An end of a journey? A new beginning? What to expect in “The Retirement”, I don’t quite know. Associated with that transition is also an acute sense of loss of identity and not knowing what I will be morphing into.

I am getting off from the train I have been on for a long time. As I step on the platform, I do know what the town has to offer. When I leave the noise of the platform behind and step out in the bright sunshine under the autumn blue sky, if someone happened to snap a picture, the look on my face will be of bafflement of a person who gets to an unknown place in the middle of the night and does not know whether to turn left or to turn right.

The one-two punches of life in transition, and the awareness of mortality, has been a potent combination that landed me on my back. Like a stranger in a new town looking to his left, or her right, I am standing at a bifurcation in the road I have been traveling on. One path goes left, and one goes right. I know they lead to two contrasting different destinations. I cannot stay indecisive forever. I need to keep moving or wither.

I need to make a choice - turn left or turn right.

I am at the moment when Neo is staring down at the Red and the Blue pill. Like him, I am at a bifurcation point. Ahead of me, the road I am on becomes two, and teases me with a choice. One road is the path of a life lived consciously; the other is the path of being on an autopilot.

One road is living at peace with my awareness of mortality. The other road is losing myself in random acts in an attempt to swim against the awareness of mortality. Try as I may, I will not swim far.

Taking the blue pill means seeking constant distractions. It is a random walk and the sum of all steps taken over a day, a week, a month, or a year, brings me to the same place I am at. I know this path will be a drowning sense of emptiness.
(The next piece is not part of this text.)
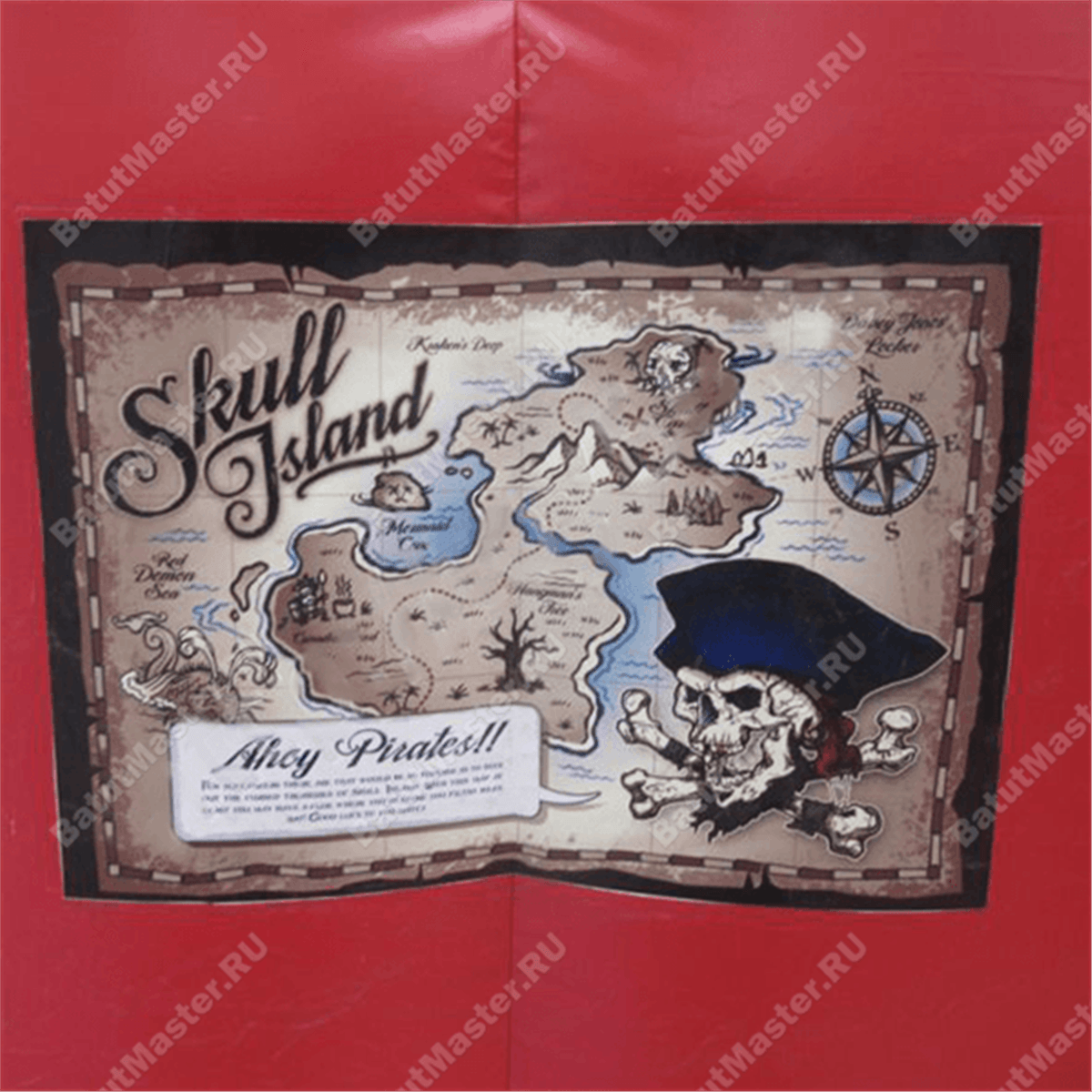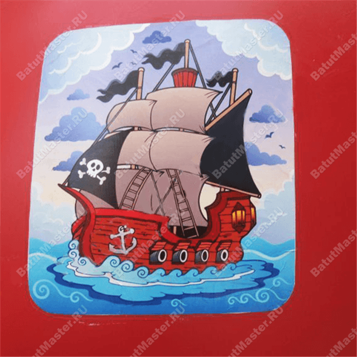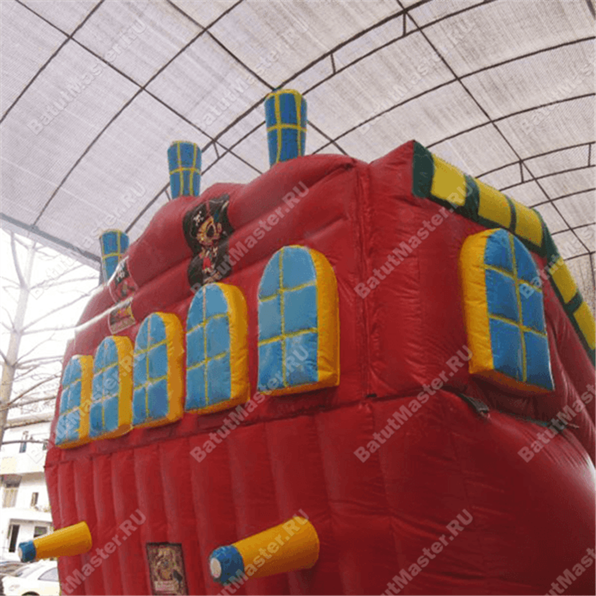 Яркий и многофункциональный надувной батут выполнен в стиле морского судна исторической эпохи. Внешние стенки коммерческого аттракциона оборудованы иллюминаторами и пушками, на них также можно встретить изображения пиратов и географических карт средневековья. Фасадные стены, придающие батуту форму настоящего корабля, изготовлены из красного ПВХ, сверху и снизу проходят голубые канты, плавно переходящие в прыгательную надувную подушку, застилающую всю внутреннюю поверхность комплекса.

Taking the red pill means that the sum of all steps I take will put me in a place that is different from where I am now. And the direction of that change will be guided by what I value in life.

After a long struggle and introspection, I am taking the red pill. I am turning right, and although I still do not know what waits ahead, and whether I am currently up to the task of navigating the road, I know I have the wherewithal to do so and will find my way around.

That has always been a charm of travel and visiting new places. I know I will be safe in there and then. What I do not know is what novel views, what fragrances, or what aromas will greet me down this road. The journey, however, will be an adventure, a learning experience.

Most journeys to new places are like that. Take a right turn, and suddenly, standing tall on the horizon is Eiffel Tower.